だから、次の写真の様に、数珠の房とススキの穂の形が、そっくりなのです。

妙法五字の光明に照らされて
つまり、御本尊様の光明点の意図するところが、妙法五字によって宇宙法界のすべて――十界の衆生は元より、山川草木に至るすべてのものが隈無く照らされて、皆本有の尊形となる姿を表現されているのを、これがそのまま、わが胸中の肉団におわすことを表わすのに、薄明光線が光芒と言われてきた事から、それになぞらえて、ススキの穂の姿をした房が、このように僧侶の掛ける数珠から垂れ下がっているのです。
光明点は、例えば雨上がりの時などに、厚く垂れ込めた雲と雲の切れ目から漏れた太陽の光線が、まだ雨でしっとりと濡れている木や草の葉っぱなどに当たって、キラキラと輝いている光景を表現しています。
このように、すべての生き物が妙法五字によって、「本来の命を生き生きと輝かせている光景」を示された御書を、より深くその意義を知るために少しばかり拾い集めてみますと、たとえば『産湯相承事』に次のような箇所があります。

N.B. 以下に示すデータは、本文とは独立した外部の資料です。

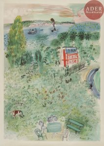 Raoul DUFY (d’après) - Normandie SNCF. Affiche. 1954. Tirage offset. 800 x 558. Impression en couleurs. Très belle épreuve sur vélin mince, du tirage avant la lettre. Nombreux courts plis et petits accidents essentiellement au bord gauche du...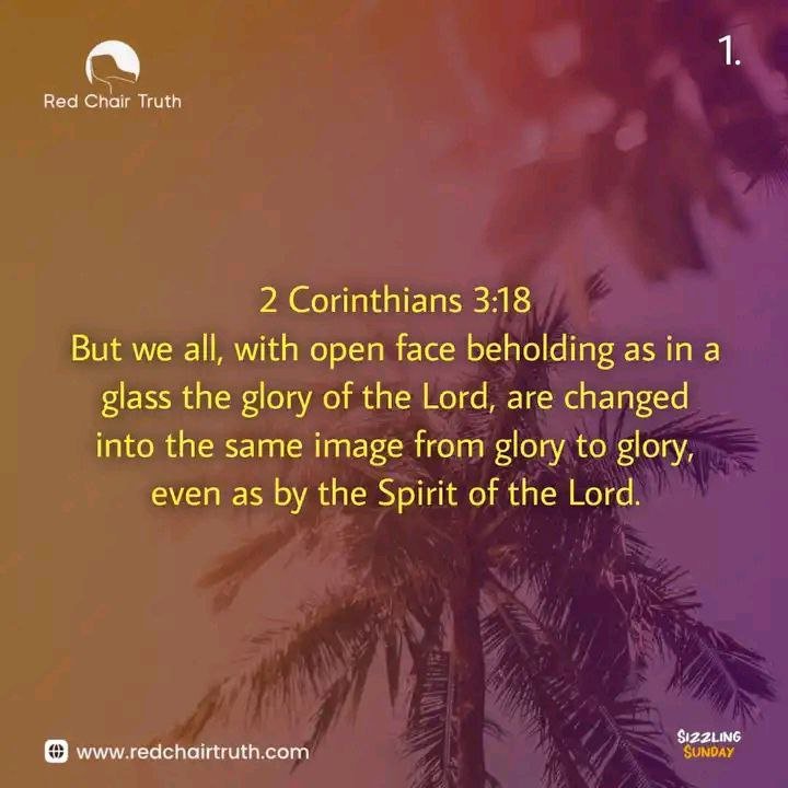 "But we all, with open face beholding as in a glass the glory of the Lord, are changed into the same image from glory to glory, even as by the Spirit of the Lord." 2 Corinthians 3:18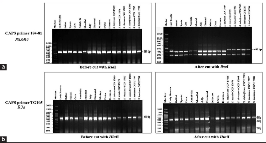 | Figure 4: Detection of resistance genes R8 and R9a combination and R3a using cleaved amplified polymorphic sequence (CAPS) primer 184-81 and CAPS primer TG105, respectively. (a) CAPS marker using primer pair 184-81 before and after cut with RsaI, (b) cleaved amplified polymorphic sequence marker using primer set TG105 before and after cut with HinfI. [Click here to view] |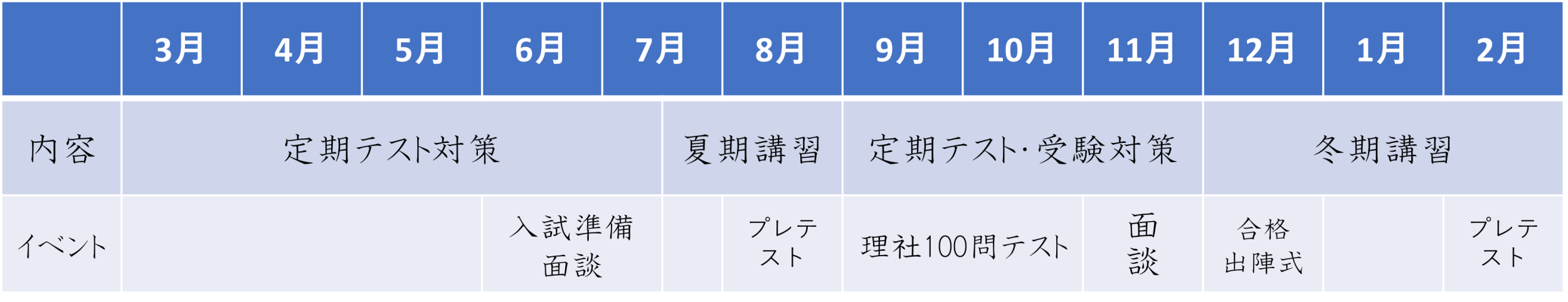 内部進学テストなどについても、生徒面談を行い、学校と生徒に合わせた個別プランニングを行います。
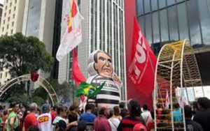 Participantes do ato “Congresso Inimigo do Povo” ergueram um boneco gigante do ex-presidente Jair Bolsonaro (PL) vestido com roupa de presidiário e cantaram “Papuda” neste domingo (14.dez.2025), na avenida Paulista, em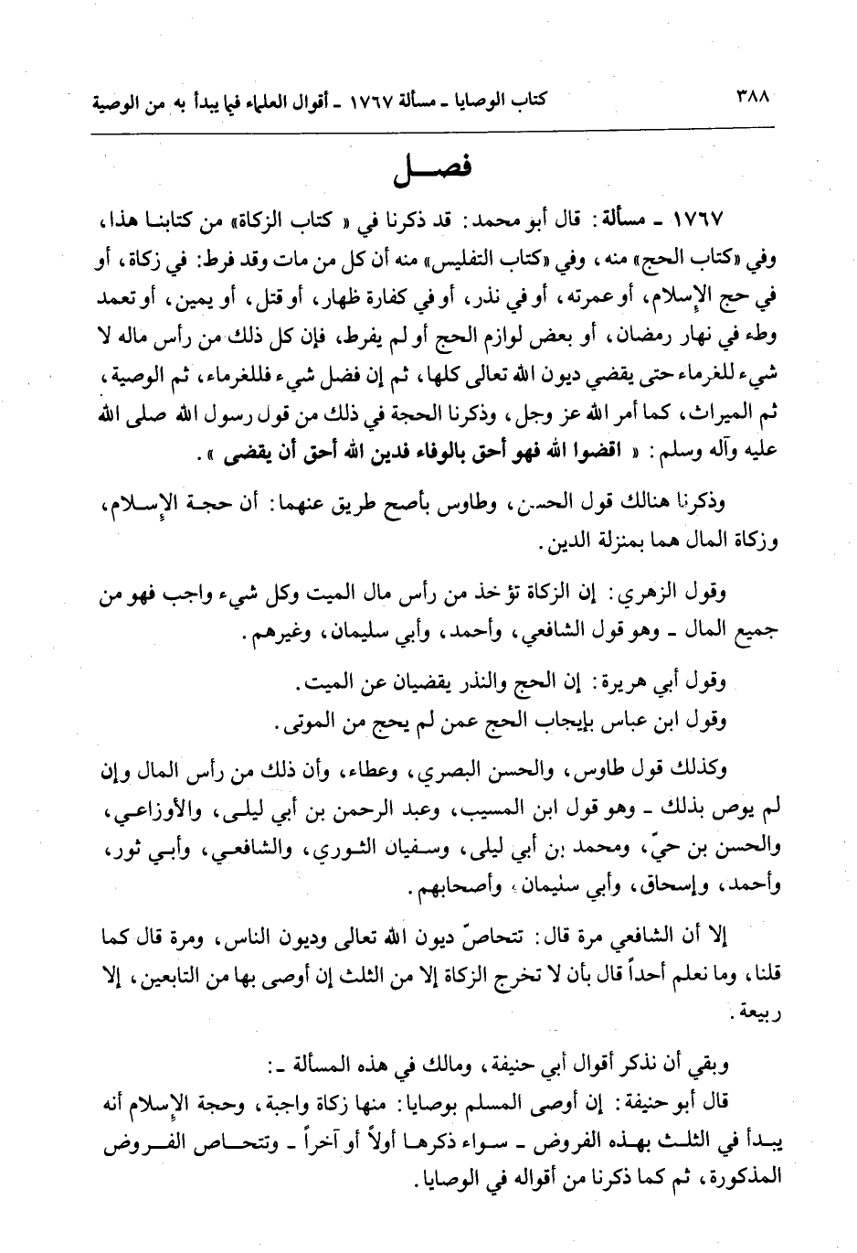 فَصْلٌ 1767 - مَسْأَلَةٌ: قَالَ أَبُو مُحَمَّدٍ: قَدْ ذَكَرْنَا فِي " كِتَابِ الزَّكَاةِ " مِنْ كِتَابِنَا هَذَا، وَفِي " كِتَابِ الْحَجِّ " مِنْهُ، وَفِي " كِتَابِ التَّفْلِيسِ " مِنْهُ أَنَّ كُلَّ مَنْ مَاتَ وَقَدْ فَرَّطَ: فِي زَكَاةٍ، أَوْ فِي حَجِّ الْإِسْلَامِ، أَوْ عُمْرَتِهِ، أَوْ فِي نَذْرٍ، أَوْ فِي كَفَّارَةِ ظِهَارٍ، أَوْ قَتْلٍ، أَوْ يَمِينٍ، أَوْ تَعَمَّدَ وَطْءً فِي نَهَارِ رَمَضَانَ، أَوْ بَعْضَ لَوَازِمِ الْحَجِّ أَوْ لَمْ يُفَرِّطْ، فَإِنَّ كُلَّ ذَلِكَ مِنْ رَأْسِ مَالِهِ لَا شَيْءَ لِلْغُرَمَاءِ حَتَّى يَقْضِيَ دُيُونَ اللَّهِ تَعَالَى كُلَّهَا، ثُمَّ إنْ فَضَلَ شَيْءٌ فَلِلْغُرَمَاءِ، ثُمَّ الْوَصِيَّةُ، ثُمَّ الْمِيرَاثُ، كَمَا أَمَرَ اللَّهُ عَزَّ وَجَلَّ، وَذَكَرْنَا الْحُجَّةَ فِي ذَلِكَ مِنْ قَوْلِ رَسُولِ اللَّهِ - صَلَّى اللَّهُ عَلَيْهِ وَآلِهِ وَسَلَّمَ - «اقْضُوا اللَّهَ فَهُوَ أَحَقُّ بِالْوَفَاءِ فَدَيْنُ اللَّهِ أَحَقُّ أَنْ يُقْضَى» .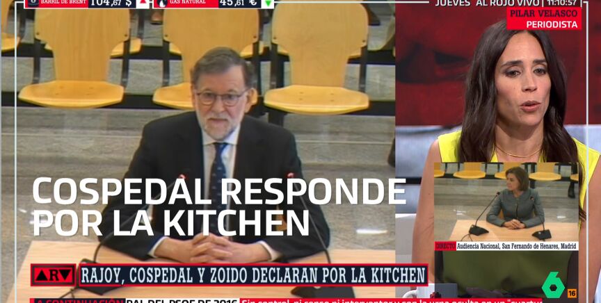 Para la periodista Pilar Velasco, "Mariano Rajoy ha hecho una declaración para salir vivo del banquillo al que va como testigo, pero no es creíble: no recuerda, no era responsable, no se le informó, no le reportaba el ministro Jorge Fernández Díaz y se enteró de la Operación Kitchen en 2021, después de la moción de censura, cuando llevábamos años los medios informando sobre ella...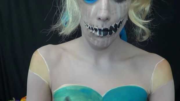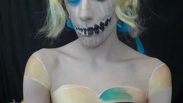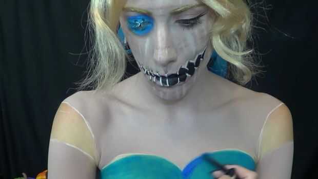 Teniendo una luz azul cuerpo voluntad de pintura en el vestido, luego añadir una sombra azul clara en la parte superior y alrededor de los lados pone una sombra azul oscura y mezcla.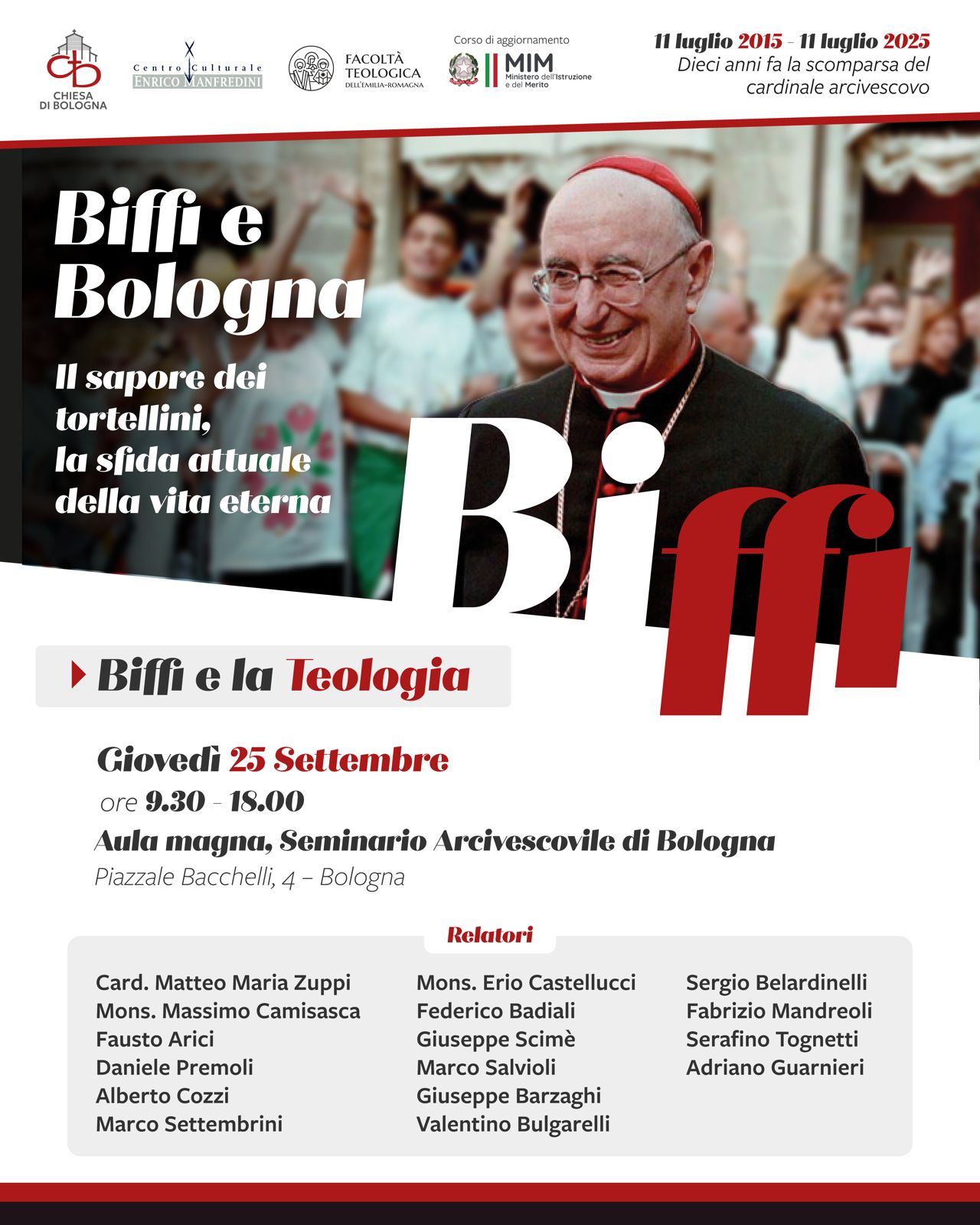 Nella rassegna di eventi proposti in occasione del 10° anniversario della scomparsa del cardinale Giacomo Biffi dalla Chiesa di Bologna, la Fter organizza una giornata di studio sul contributo del già arcivescovo di Bologna alla teologia e alla città. L’incontro si terrà giovedì 25 dalle 9.30 nell’aula magna del Seminario arcivescovile (piazzale Bacchelli, 4).

「富士山の頂に登りて十方を見るに、明らかなること掌の内を見るが如く三世明白なり­­(中略)其の余れる水を四天下に灌ぐに、其の潤ひを受くる人畜・草木・国土世間悉く金色の光明を放ち、四方の草木華発き菓成る。男女座を並べて有れども煩悩無し。汚泥の中より出づれども塵泥に染まらざること、譬へば蓮華の泥より出でて泥に染まらざるが如し」(御書一七〇八~一七〇九頁)

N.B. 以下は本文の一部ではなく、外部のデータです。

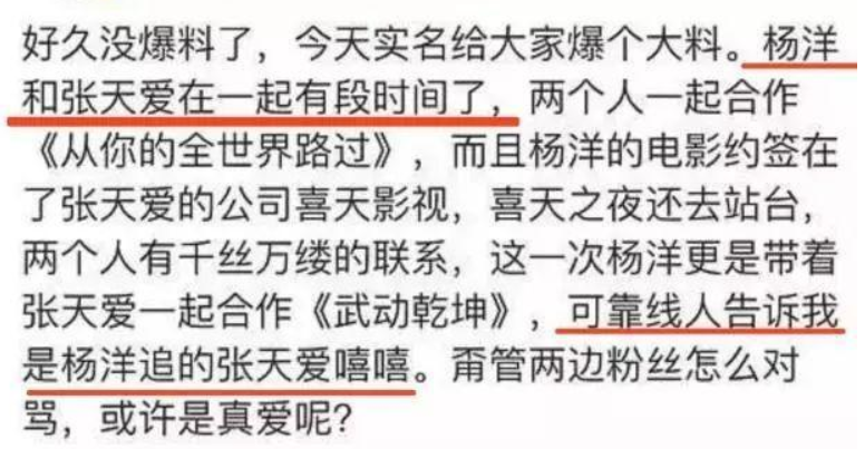 緊接著,楊洋和張天愛接連合作了《從你的全世界路過》和《武動乾坤》,兩人的緋聞也是逐步升級,拍攝期間就有現場兩人親密互動的路透,還曾被扒穿同壹件衣服,甚至還有爆料說是楊洋追的張天愛,可最終這段緋聞還是以楊洋采訪否認告終。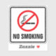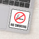 A no smoking sticker featuring a black cigarette under a red, crossed over circle and the text "No smoking" surrounded by a black border. Square sticker with rounded corners.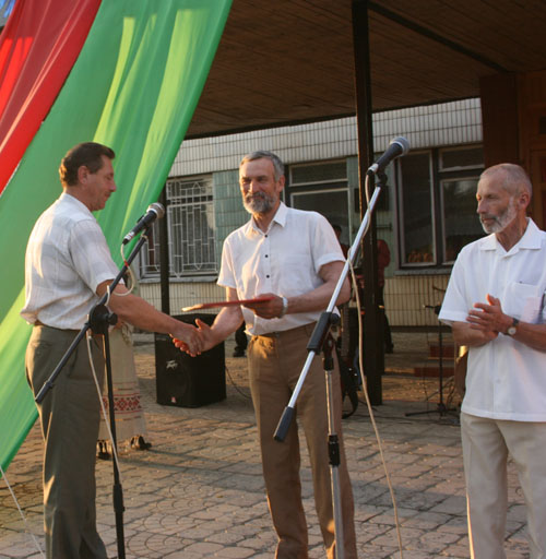 Узнагароду ўручыў намеснік старшыні райвыканкама А. М. Зайцаў.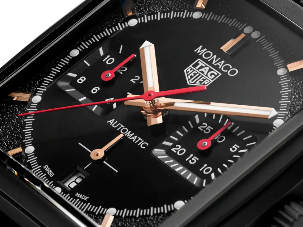 Next, there’s the almost gemlike sapphire crystal with the Monaco Special Edition’s beveled edges. Beneath is the almost completely Stygian dial if not for the white indices and other details. 5N Rose gold plating adorns the hands, hour markers, and one sub-dial hand at 6 o’clock just above the date window.

これは、日蓮大聖人のお母さま(幼女の頃のお名前を梅菊。法名・妙蓮尊霊)が、法華経の結晶たる日蓮大聖人さまをわが腹に孕み、いよいよご出産の時を迎えられて、その時ご覧になったご夢想ですが、その中に、
「富士山の頂に登りて十方(法界)を見るに、明らかなる事、掌の内を見るが如く、三世明白なり」
とは、正しく私たちが今御本尊様を拝しているように、宇宙法界(三千の諸法・森羅万法)を御本仏の一念に縮め、凝縮し、収斂し、ここに集め来たった情景、すなわち、一念三千即自受用身の御尊容をご覧になっている姿です。

青蓮華とは睡蓮
また、阿那婆達多竜王が担いできた青蓮華(しょうれんげ――摩訶般若波羅蜜経に挙げる白蓮華・紅蓮華・黄蓮華・青蓮華と四種類ある中の、黄蓮華と青蓮華は『睡蓮』のことであるといいます。
この睡蓮にはさらに『温帯種』と『熱帯種』の二種類があり、青や紫といった鮮やかな色合いは熱帯種の特徴で、古来よりインドで崇拝されてきた神々の象徴に用いられていましたが、後に仏教にも取りいれられました。
特に、お釈迦様の目の虹彩――眼球の前面、ひとみの周りにある円盤状の膜――が青かったので、睡蓮(青蓮華)を仏眼に例えられるのです。
そう言われてみれば、その青みがかった虹彩と、青い熱帯種の睡蓮の放射状の花びらは、よく似ています。

日本ではシキミの花を青蓮華と
余談としては、一般的にあのシキミの花をも青蓮華と言われますが、そう言われる様になった経緯は、真言宗の弘法が修法の際、青蓮華の代用としてシキミの花を用いたことから、真言宗ではシキミの花を青蓮華と呼ぶようになったものが、一般にも広まったのだそうです。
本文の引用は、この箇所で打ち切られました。